An advanced immunoglobulin sequence simulation suite for benchmarking alignment models and sequence analysis.

These details have not been verified by PyPI

Project links

Project description

GenAIRR

Adaptive Immune Receptor Repertoire Sequence Simulator
Generate realistic BCR & TCR repertoires with full ground-truth annotations in Python.

Why GenAIRR?

Benchmarking sequence aligners, studying somatic hypermutation, or training ML models on immune repertoires requires large, perfectly-annotated datasets — not noisy snippets of real sequencing data.

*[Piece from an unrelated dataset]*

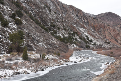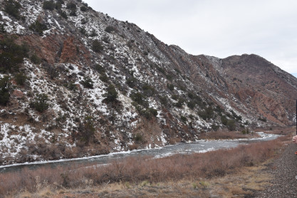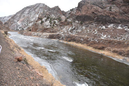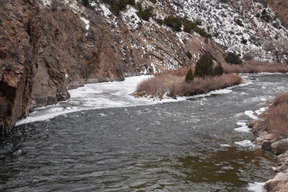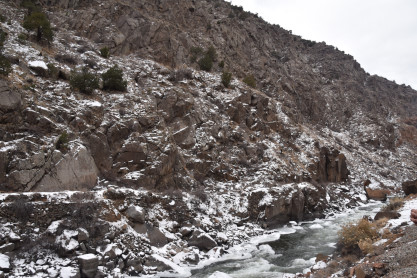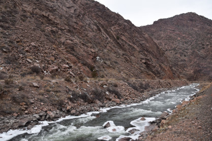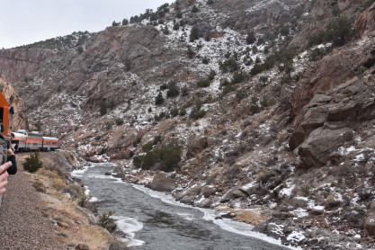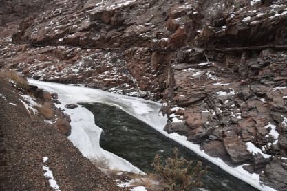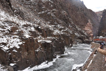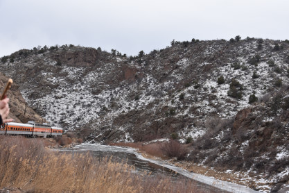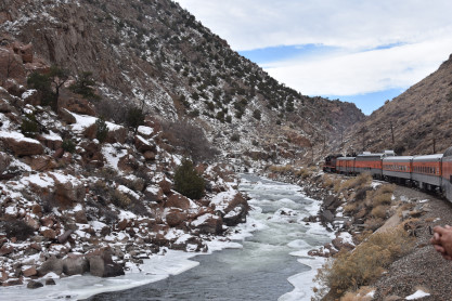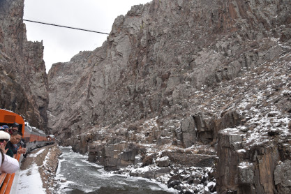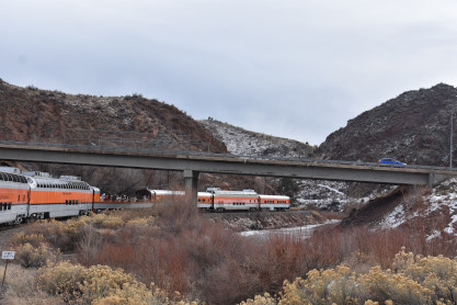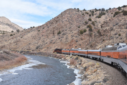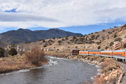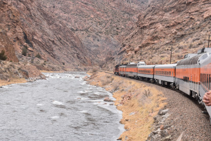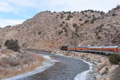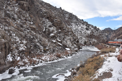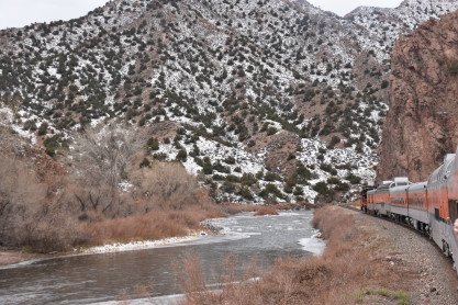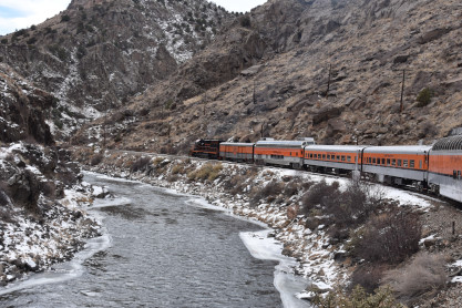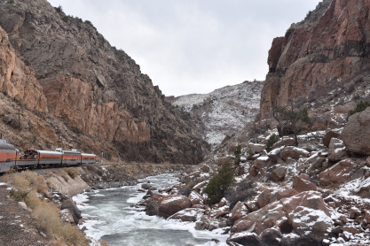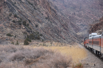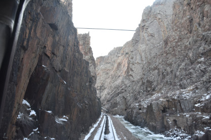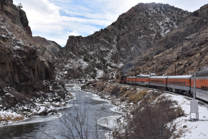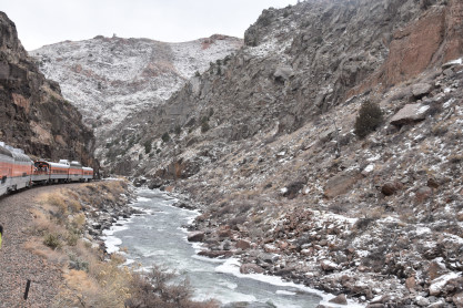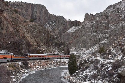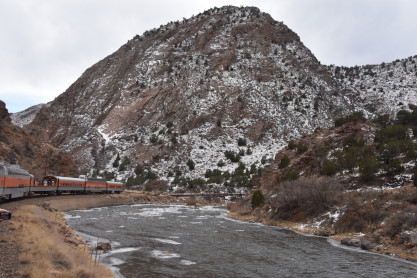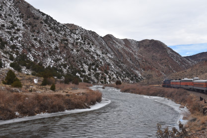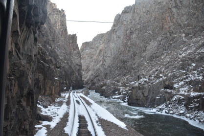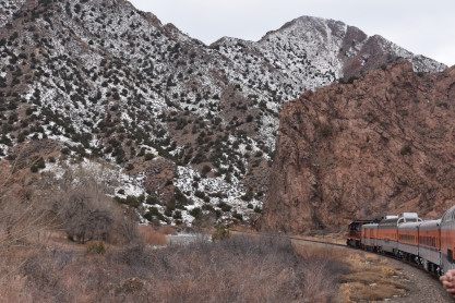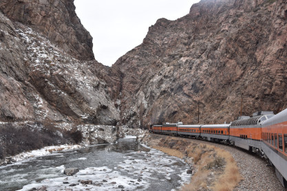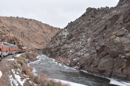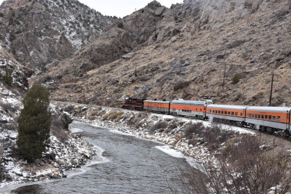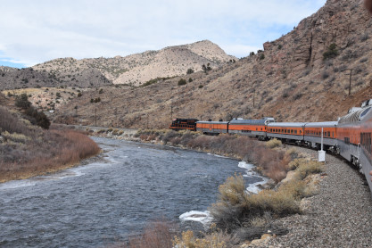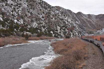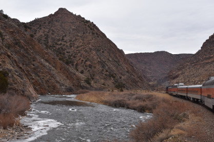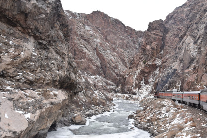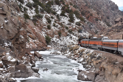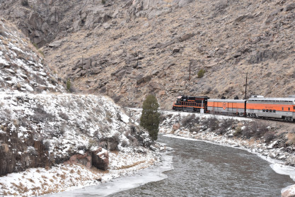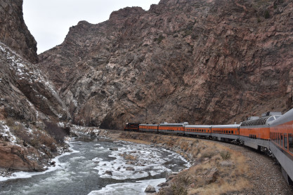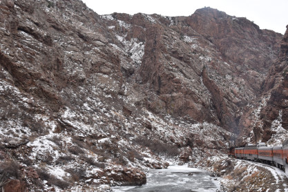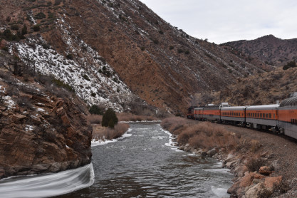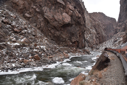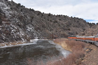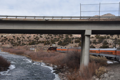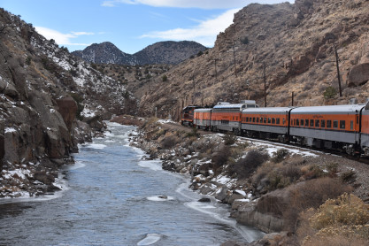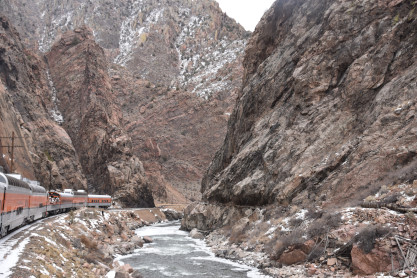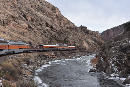 For two railroads to occupy a river valley is not a problem in principle, however, west of Cañon City the Arkansas River cuts through the Royal Gorge, a high plateau of igneous rocks forming a spectacular steep-walled gorge over 1,000 feet deep and 6 miles long. At its narrowest point sheer walls on both sides plunge into the river, creating a nearly impassable barrier. So on this route, two railroads could not share the valley.

GenAIRR is a plug-and-play, fully-extensible simulation engine that produces realistic immunoglobulin and TCR sequences while giving you complete ground-truth labels for every position, mutation, and gene segment.

Key Features

Category	Highlights
Realistic Simulation	Context-aware S5F mutations, indels, allele-specific trimming, NP-region modelling
Composable Pipelines	Chain together built-in & custom steps into simulation pipelines
Multi-Chain Support	Heavy chain, kappa/lambda light chains, and TCR-beta out of the box
Research-ready Output	Full ground-truth annotations, JSON/pandas export, deterministic seeds
Docs & Tutorials	Step-by-step guides, Jupyter notebooks, API reference

Installation

# Python >= 3.9
pip install GenAIRR

Quick Start

One-liner

from GenAIRR import simulate, HUMAN_IGH_OGRDB, S5F

result = simulate(HUMAN_IGH_OGRDB, S5F(0.003, 0.25))
print(result.sequence)

CAGGTGCAGCTGCAGGAGTCGGGCCCAGGACTGGTGAAGCCTTCGGGGACCCTGTCCCTCACCTGCGCTG...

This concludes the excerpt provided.